Problem statement = Would you write out the entries below word for word, omitting the pictures?

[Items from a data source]
^^^^^^^^
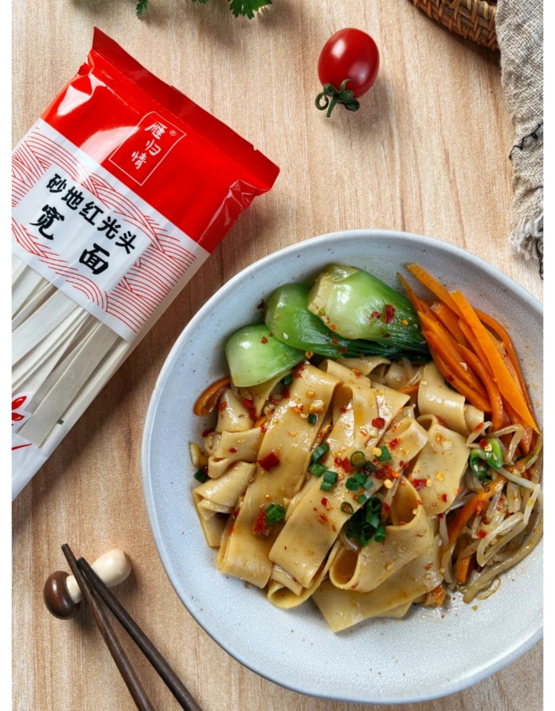 做手工扯面的过程相对来说比较复杂,好多人不会做也没有时间、精力做,这款宽面可以让你躺平也能轻松吃到手工扯面的味道,无需和面、揉面、醒面、扯面,在家也能轻松喋一碗地道的陕西油泼面,既满足口腹之欲又健康方便。
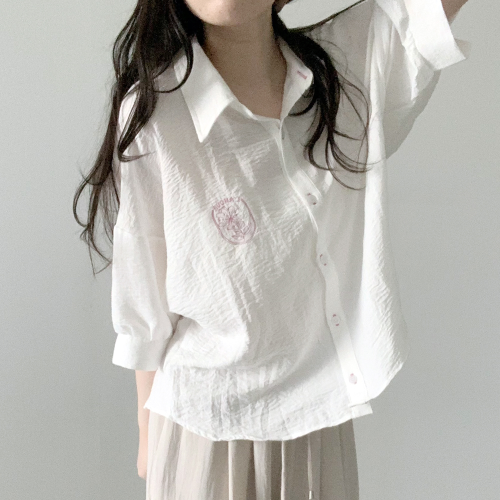 [44-77] 크러시 플라워 자수 오버핏 카라 반팔 블라우스 / 여름 지지미 루즈핏 빅사이즈 소매 트임 반팔티 기본템 심플 무지 데일리룩 시원한 아이스 여성 55 66 얇은 티셔츠
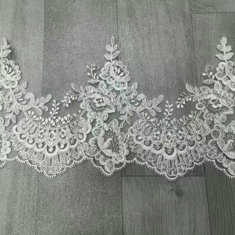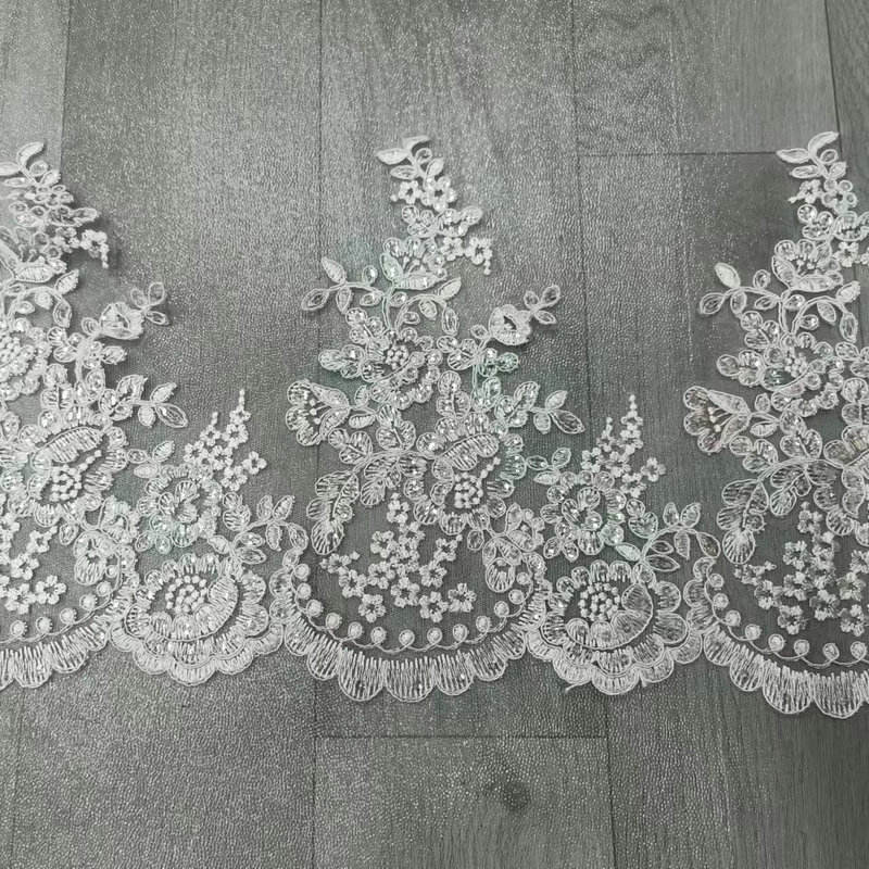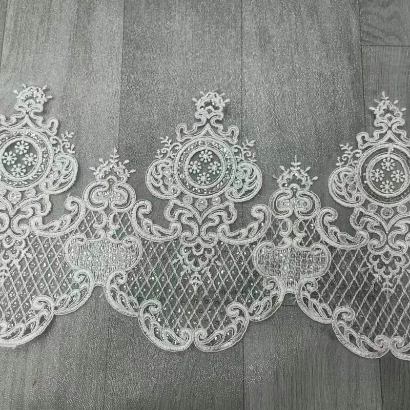 Luksushvit brud fransk blonder brodert brudesnørtrim til brudekjole med en high-end fransk blonderbase, utsøkt tredimensjonalt broderihåndverk og rene hvite toner, det utstråler eleganse. High-end skreddersydde dekorasjoner spesifikt for brudekjoler og kveldskjoler, med delikate og intrikate mønstre, lys og hud-penetrerende tekstur, støtte for å tilpasse bredde og mønstre, perfekt tolke det estetiske av romantiske og luksuriøse bruder. Med en high-end fransk blonderbase, utsøkt tredimensjonalt broderihåndverk og rene hvite toner, utstråler det eleganse. High-end skreddersydde dekorasjoner spesifikt for brudekjoler og kveldskjoler, med delikate og intrikate mønstre, lys og hud-penetrerende tekstur, støtte for å tilpasse bredde og mønstre, perfekt tolke det estetiske av romantiske og luksuriøse bruder.
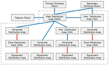 - 구간분배구역(ZDA, Zone Distribution Area): HDA와 EDA 간 수평 배선의 통합 지점으로, 활성 장비는 포함되지 않습니다. 향후 확장성과 재구성을 위한 선택적 공간입니다.
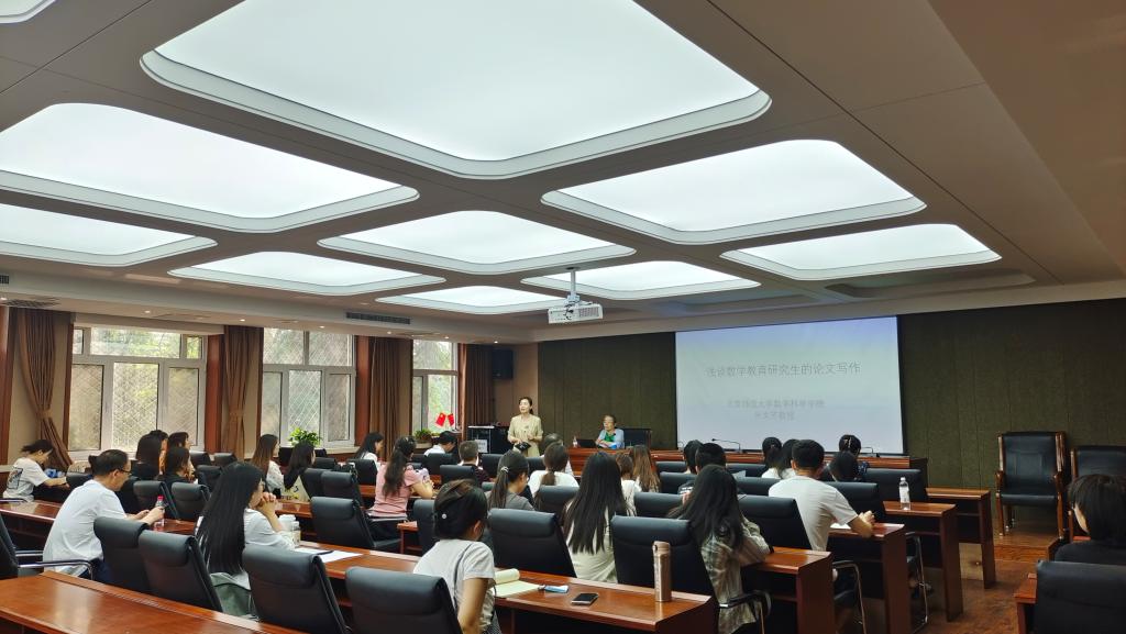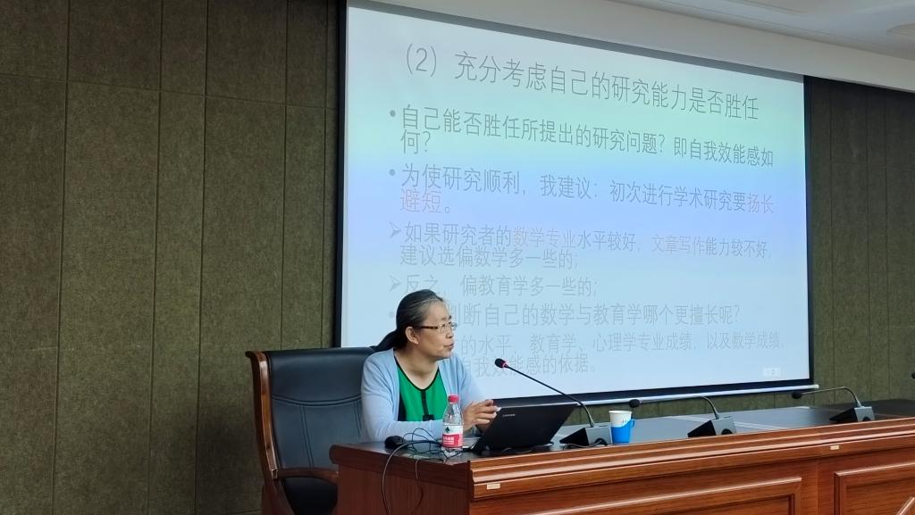 6月18日,永利集团官网特邀中国教育学会中学数学教学专业委员会副理事长、学术委员会副主任、北京师范大学博士生导师朱文芳教授作了题为“浅谈数学教育研究生的论文写作”的学术讲座。讲座由永利集团官网李春兰教授主持,参加本次讲座的主要有永利集团官网领导、老师、数学教育方向的硕士研究生、硕士研究生实践导师、其他学院的师生。
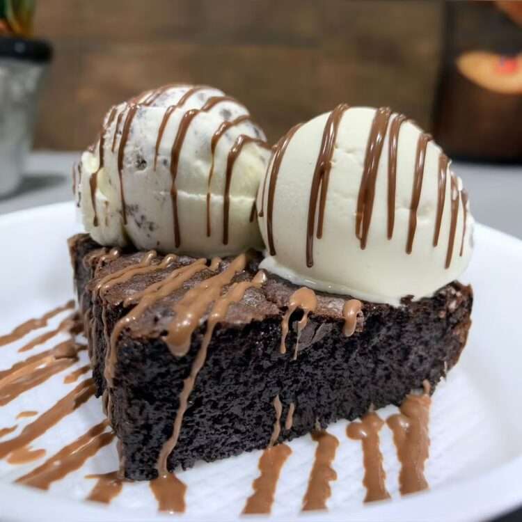 براوني دافئ غني بالشوكولاتة، يُقدَّم مع آيس كريم بارد وكريمي. توليفة لا تقاوم.
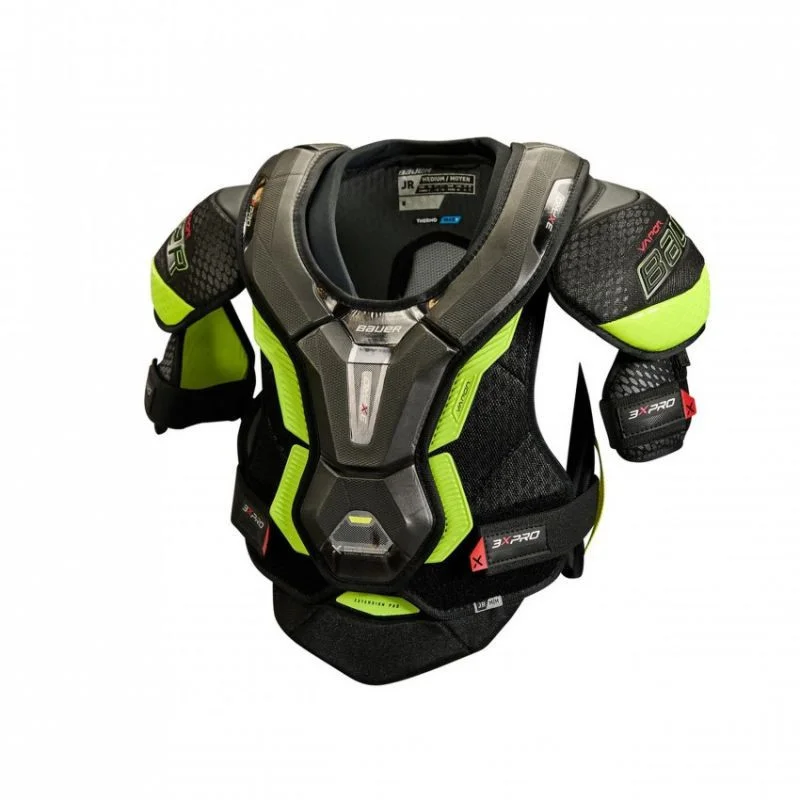 hokejové nárameníky Bauer Vapor 3X Pro Jr Úroveň: Performance Ochrana ramen: Tvarovaný nízkoprofilový štít Ochrana hrudní kosti: Volně připevněná ochrana hrudní kosti Hyperlite HD s vložkami z HD pěny
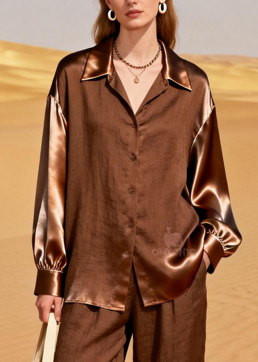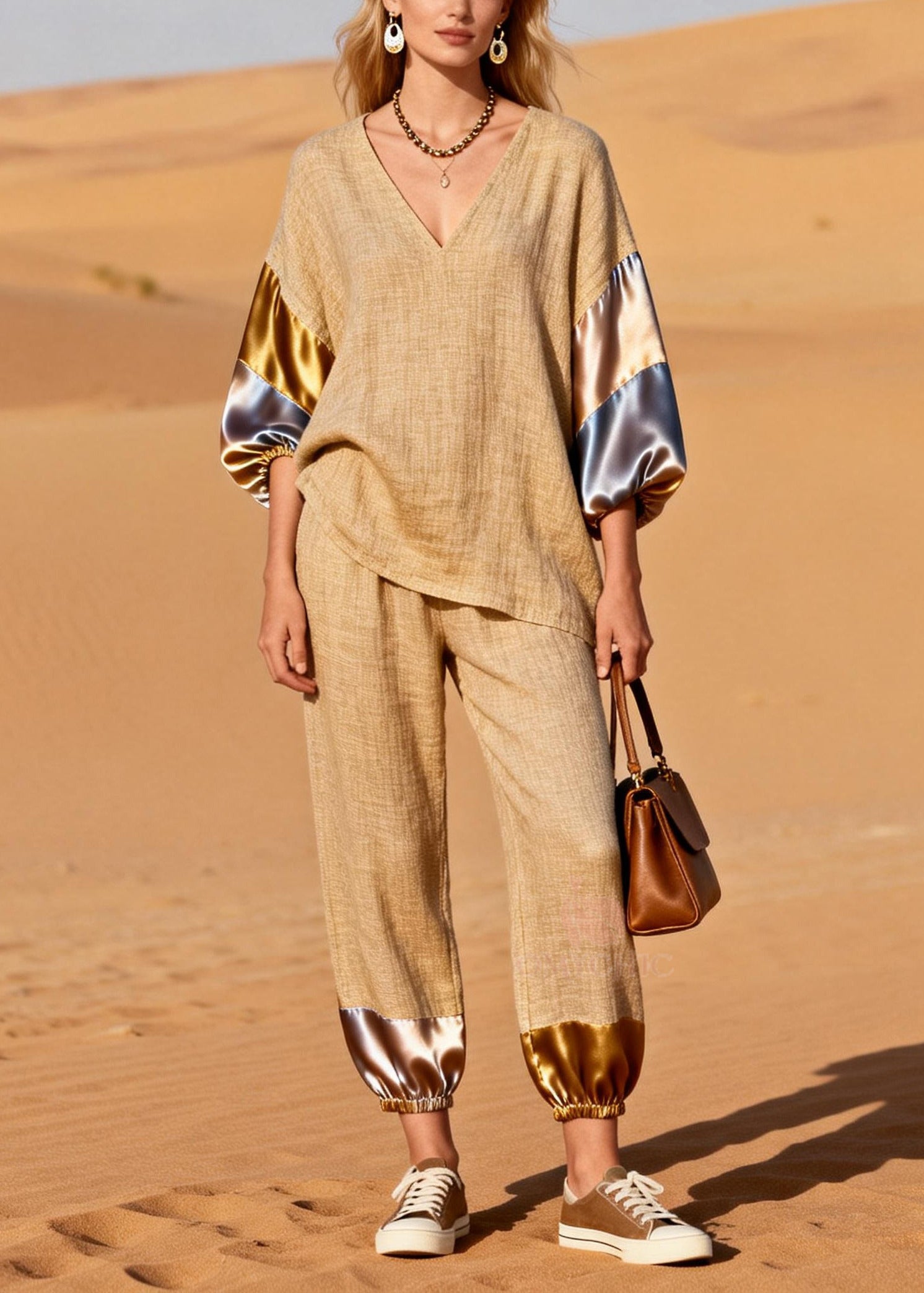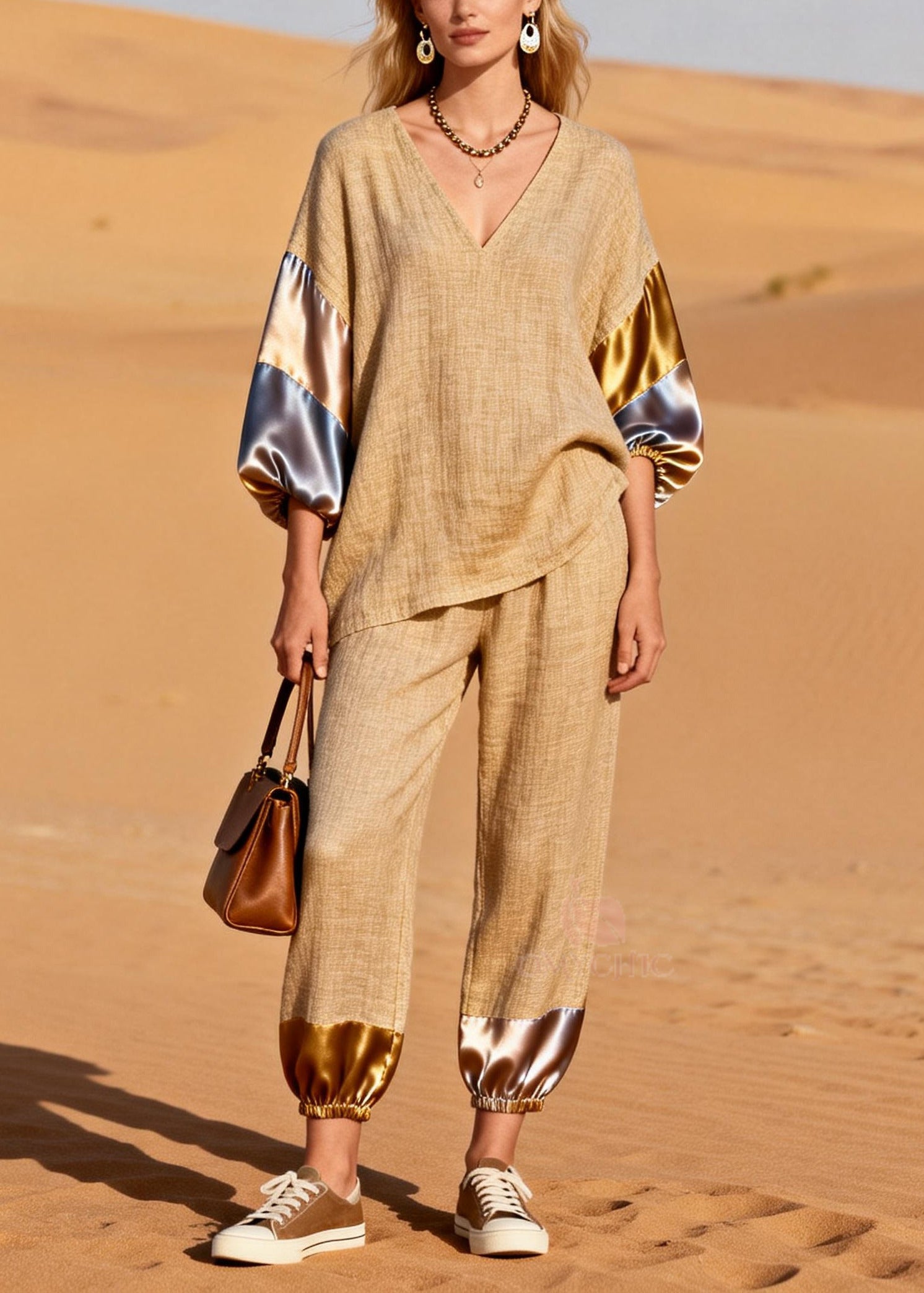 Casual Khaki Oversized Patchwork Silk Linen Two Pieces Set Summer
^^^^^^^^
Exercise solution =
 做手工扯面的过程相对来说比较复杂,好多人不会做也没有时间、精力做,这款宽面可以让你躺平也能轻松吃到手工扯面的味道,无需和面、揉面、醒面、扯面,在家也能轻松喋一碗地道的陕西油泼面,既满足口腹之欲又健康方便。
 [44-77] 크러시 플라워 자수 오버핏 카라 반팔 블라우스 / 여름 지지미 루즈핏 빅사이즈 소매 트임 반팔티 기본템 심플 무지 데일리룩 시원한 아이스 여성 55 66 얇은 티셔츠
 Luksushvit brud fransk blonder brodert brudesnørtrim til brudekjole med en high-end fransk blonderbase, utsøkt tredimensjonalt broderihåndverk og rene hvite toner, det utstråler eleganse. High-end skreddersydde dekorasjoner spesifikt for brudekjoler og kveldskjoler, med delikate og intrikate mønstre, lys og hud-penetrerende tekstur, støtte for å tilpasse bredde og mønstre, perfekt tolke det estetiske av romantiske og luksuriøse bruder. Med en high-end fransk blonderbase, utsøkt tredimensjonalt broderihåndverk og rene hvite toner, utstråler det eleganse. High-end skreddersydde dekorasjoner spesifikt for brudekjoler og kveldskjoler, med delikate og intrikate mønstre, lys og hud-penetrerende tekstur, støtte for å tilpasse bredde og mønstre, perfekt tolke det estetiske av romantiske og luksuriøse bruder.
 - 구간분배구역(ZDA, Zone Distribution Area): HDA와 EDA 간 수평 배선의 통합 지점으로, 활성 장비는 포함되지 않습니다. 향후 확장성과 재구성을 위한 선택적 공간입니다.
 6月18日,永利集团官网特邀中国教育学会中学数学教学专业委员会副理事长、学术委员会副主任、北京师范大学博士生导师朱文芳教授作了题为“浅谈数学教育研究生的论文写作”的学术讲座。讲座由永利集团官网李春兰教授主持,参加本次讲座的主要有永利集团官网领导、老师、数学教育方向的硕士研究生、硕士研究生实践导师、其他学院的师生。
 براوني دافئ غني بالشوكولاتة، يُقدَّم مع آيس كريم بارد وكريمي. توليفة لا تقاوم.
 hokejové nárameníky Bauer Vapor 3X Pro Jr Úroveň: Performance Ochrana ramen: Tvarovaný nízkoprofilový štít Ochrana hrudní kosti: Volně připevněná ochrana hrudní kosti Hyperlite HD s vložkami z HD pěny
 Casual Khaki Oversized Patchwork Silk Linen Two Pieces Set Summer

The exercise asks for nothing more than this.